* _DATASET EXTRACT_:
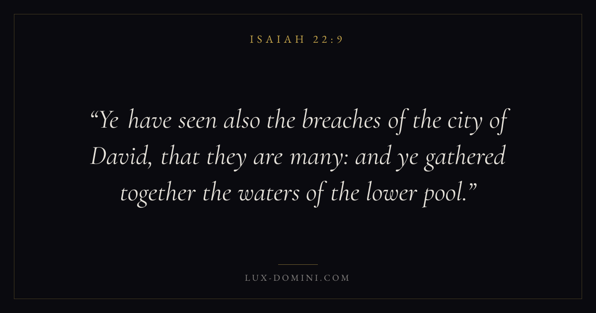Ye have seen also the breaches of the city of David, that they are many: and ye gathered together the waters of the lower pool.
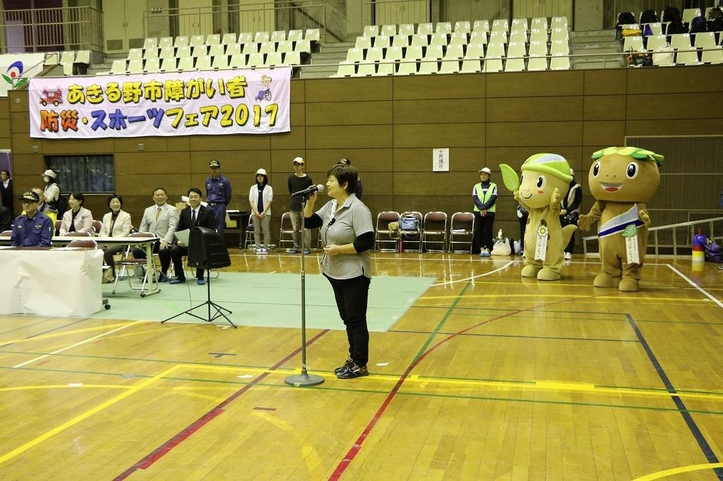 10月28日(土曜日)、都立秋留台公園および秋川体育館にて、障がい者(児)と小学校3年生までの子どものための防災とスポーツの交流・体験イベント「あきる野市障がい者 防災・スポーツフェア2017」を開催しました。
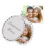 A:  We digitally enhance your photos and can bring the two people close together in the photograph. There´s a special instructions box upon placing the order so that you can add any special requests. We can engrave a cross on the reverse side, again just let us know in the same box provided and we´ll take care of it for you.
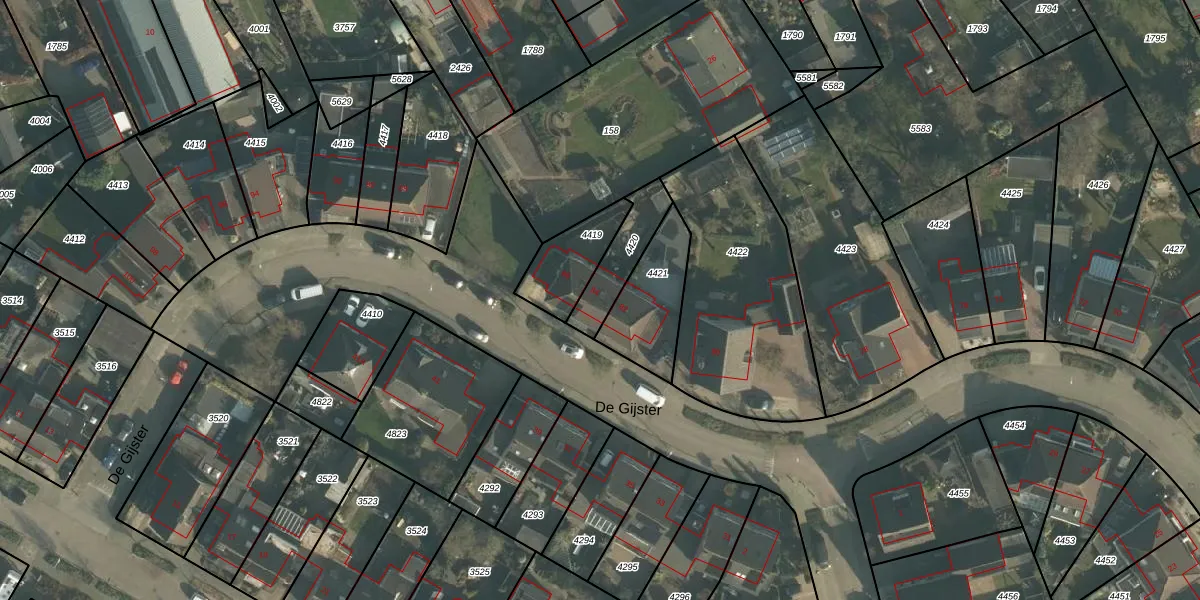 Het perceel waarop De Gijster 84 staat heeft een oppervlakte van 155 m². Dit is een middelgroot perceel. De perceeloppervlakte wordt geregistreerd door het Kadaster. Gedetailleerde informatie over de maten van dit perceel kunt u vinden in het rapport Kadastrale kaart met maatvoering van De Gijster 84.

* _DIRECTIONS_:
Give exactly those lines of the listing that run from its first line through the line with "A:  We digitally", leaving each picture out.

* _EXERCISE SOLUTION_:
Ye have seen also the breaches of the city of David, that they are many: and ye gathered together the waters of the lower pool.
 10月28日(土曜日)、都立秋留台公園および秋川体育館にて、障がい者(児)と小学校3年生までの子どものための防災とスポーツの交流・体験イベント「あきる野市障がい者 防災・スポーツフェア2017」を開催しました。
 A:  We digitally enhance your photos and can bring the two people close together in the photograph. There´s a special instructions box upon placing the order so that you can add any special requests. We can engrave a cross on the reverse side, again just let us know in the same box provided and we´ll take care of it for you.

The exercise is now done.